(Stored data)

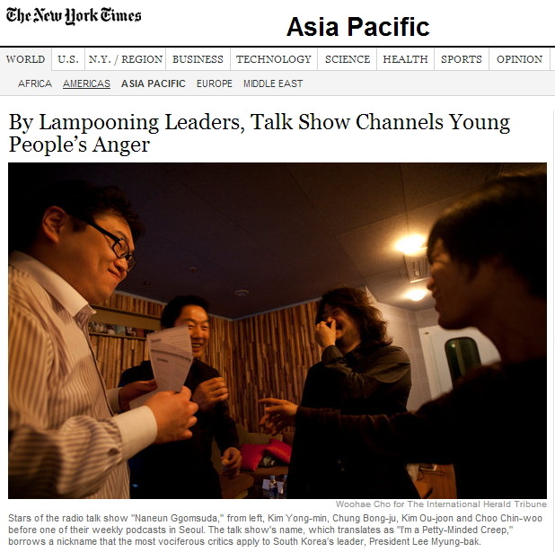 뉴욕타임스 국제판에 실린 나꼼수 기사 (원문 링크)
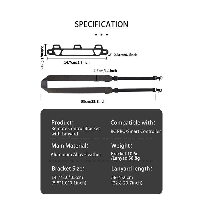 Aluminum Alloy Crossbar Leather Microfiber Lanyard Accessories for DJI RC PRO/Smart Controller
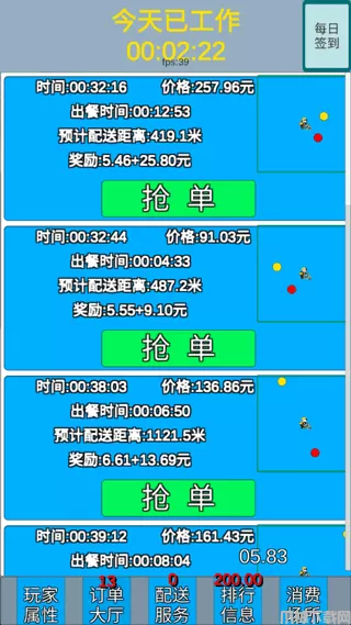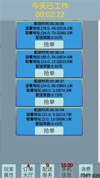 2、在送外卖的时候玩家需要快速的进行抢单,如果第一时间反应过来的话,就会被别人抢走。
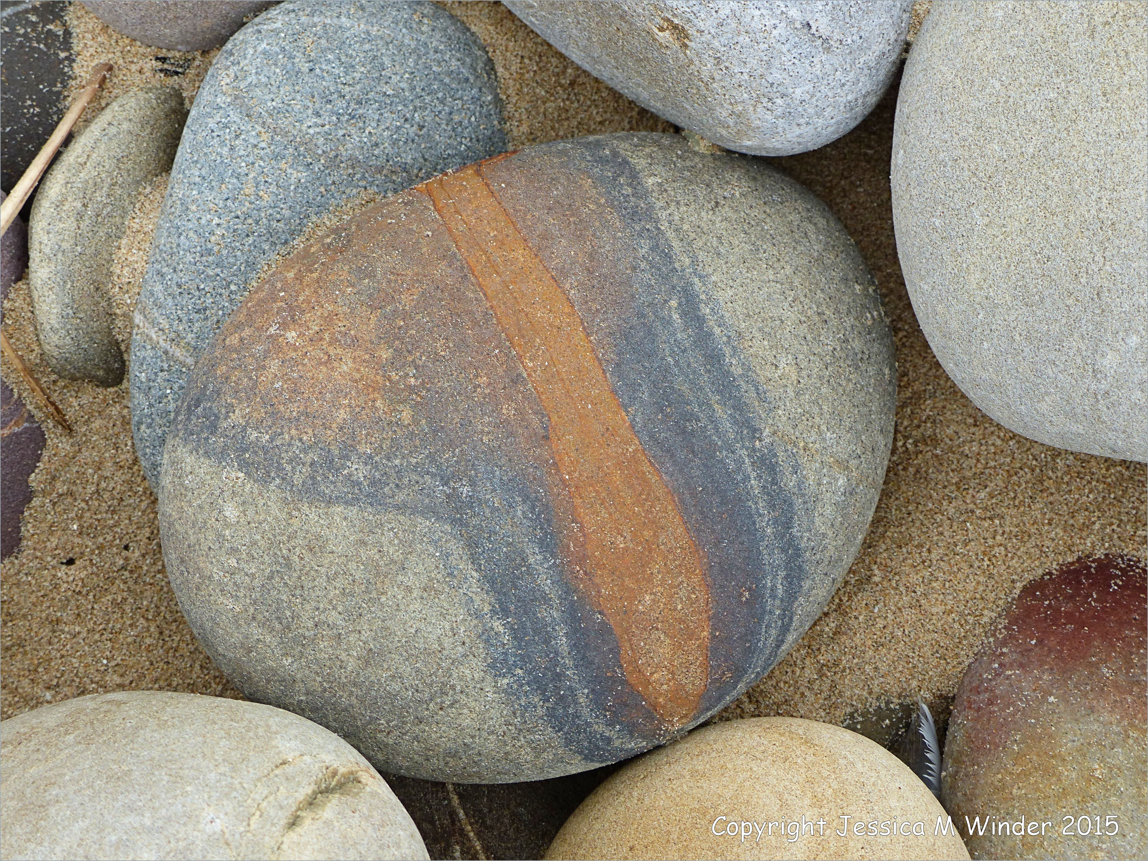 Rhossili Pebbles with Iron 22 Rhossili Pebbles with Iron 22 – Beach stone with iron on a Gower Peninsula beach at Rhossili, South Wales.

(End Stored data)

→ **Your task**
Print the listing exactly. No pictures belong in the copy.

→ **Your solution**
 뉴욕타임스 국제판에 실린 나꼼수 기사 (원문 링크)
 Aluminum Alloy Crossbar Leather Microfiber Lanyard Accessories for DJI RC PRO/Smart Controller
 2、在送外卖的时候玩家需要快速的进行抢单,如果第一时间反应过来的话,就会被别人抢走。
 Rhossili Pebbles with Iron 22 Rhossili Pebbles with Iron 22 – Beach stone with iron on a Gower Peninsula beach at Rhossili, South Wales.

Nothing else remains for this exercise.